Dana Arad, Daniel Deutch, and Nave Frost. LearnShapley: Learning to predict rankings of facts contribution based on query logs. In CIKM, pages 4788-4792. ACM, 2022. URL: https://doi.org/10.1145/3511808.3557204.
Marcelo Arenas, Pablo Barceló, Leopoldo E. Bertossi, and Mikaël Monet. The tractability of shap-score-based explanations for classification over deterministic and decomposable boolean circuits. In AAAI, pages 6670-6678. AAAI Press, 2021. URL: https://doi.org/10.1609/aaai.v35i8.16825.
Leopoldo E. Bertossi, Loreto Bravo, Enrico Franconi, and Andrei Lopatenko. The complexity and approximation of fixing numerical attributes in databases under integrity constraints. Inf. Syst., 33(4-5):407-434, 2008. URL: https://doi.org/10.1016/j.is.2008.01.005.

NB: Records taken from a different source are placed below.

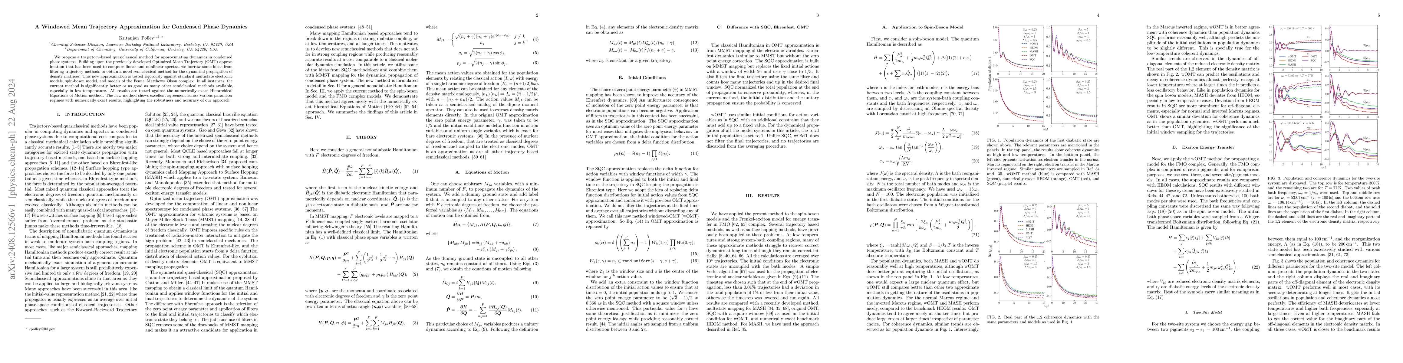 The paper introduces a new windowed mean trajectory approximation for simulating condensed phase dynamics, showing superior performance compared to existing semiclassical methods, particularly at low temperatures, and demonstrating excellent agreement with numerically exact results. This method improves upon the Optimized Mean Trajectory approximation by incorporating filtering trajectory ideas.
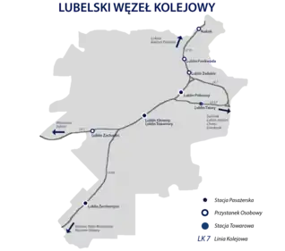 The station serves trains running on the four lines radiating from Lublin: north-east to Warsaw, north to Łuków, east to Chełm and the border with Ukraine, and south to Przeworsk. It is one of the busiest stations in eastern Poland, with over 50 train departures on a typical day.
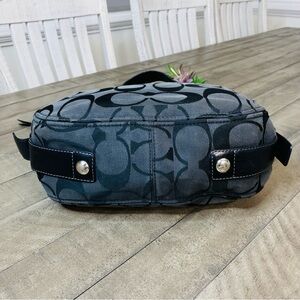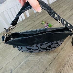 This handbag is a Coach Zoe hobo shoulder bag featuring the brand's signature "C" monogram pattern in black and gray canvas with black leather trim and silver-tone hardware. This specific style, often released in the early 2000s (Y2K era), typically includes a top zipper closure, an adjustable leather strap, and internal pockets.

Adriane Chapman and H. V. Jagadish. Why not? In SIGMOD Conference, pages 523-534. ACM, 2009. URL: https://doi.org/10.1145/1559845.1559901.
Xiaotie Deng and Christos H. Papadimitriou. On the complexity of cooperative solution concepts. Math. Oper. Res., 19(2):257-266, 1994. URL: https://doi.org/10.1287/moor.19.2.257.
Daniel Deutch, Nave Frost, Amir Gilad, and Oren Sheffer. Explanations for data repair through shapley values. In CIKM, pages 362-371. ACM, 2021. URL: https://doi.org/10.1145/3459637.3482341.
Daniel Deutch, Nave Frost, Benny Kimelfeld, and Mikaël Monet. Computing the shapley value of facts in query answering. In SIGMOD Conference, pages 1570-1583. ACM, 2022. URL: https://doi.org/10.1145/3514221.3517912.
Arnaud Durand and Stefan Mengel. The complexity of weighted counting for acyclic conjunctive queries. J. Comput. Syst. Sci., 80(1):277-296, 2014. URL: https://doi.org/10.1016/j.jcss.2013.08.001.
U. Faigle and W. Kern. The shapley value for cooperative games under precedence constraints. Int. J. Game Theory, 21(3):249-266, sep 1992. URL: https://doi.org/10.1007/BF01258278.
Martin Grohe, Benny Kimelfeld, Peter Lindner, and Christoph Standke. The importance of parameters in database queries, 2024. http://arxiv.org/abs/2401.04606. URL: https://doi.org/10.48550/arXiv.2401.04606.
Yuri Gurevich and Saharon Shelah. Time polynomial in input or output. J. Symb. Log., 54(3):1083-1088, 1989. URL: https://doi.org/10.2307/2274767.
Daphne Koller and Nir Friedman. Probabilistic Graphical Models: Principles and Techniques. Adaptive Computation and Machine Learning. MIT Press, Cambridge, MA, 2009.
Nick Koudas, Chen Li, Anthony K. H. Tung, and Rares Vernica. Relaxing join and selection queries. In VLDB, pages 199-210. ACM, 2006. URL: http://dl.acm.org/citation.cfm?id=1164146.
Marie-Jeanne Lesot, Maria Rifqi, and Hamid Benhadda. Similarity measures for binary and numerical data: a survey. International Journal of Knowledge Engineering and Soft Data Paradigms, 1(1):63-84, dec 2008. URL: https://doi.org/10.1504/ijkesdp.2009.021985.
Yin Lin, Brit Youngmann, Yuval Moskovitch, H. V. Jagadish, and Tova Milo. On detecting cherry-picked generalizations. Proc. VLDB Endow., 15(1):59-71, 2021. URL: https://doi.org/10.14778/3485450.3485457.
Ester Livshits, Leopoldo E. Bertossi, Benny Kimelfeld, and Moshe Sebag. The Shapley value of tuples in query answering. In ICDT, volume 155 of LIPIcs, pages 20: 1-20: 19. Schloss Dagstuhl, 2020. URL: https://doi.org/10.4230/LIPIcs.ICDT.2020.20.
Ester Livshits and Benny Kimelfeld. The shapley value of inconsistency measures for functional dependencies. Log. Methods Comput. Sci., 18(2), 2022. URL: https://doi.org/10.46298/lmcs-18(2:20)2022.
Scott M. Lundberg, Gabriel G. Erion, Hugh Chen, Alex J. DeGrave, Jordan M. Prutkin, Bala Nair, Ronit Katz, Jonathan Himmelfarb, Nisha Bansal, and Su-In Lee. From local explanations to global understanding with explainable AI for trees. Nat. Mach. Intell., 2(1):56-67, 2020. URL: https://doi.org/10.1038/s42256-019-0138-9.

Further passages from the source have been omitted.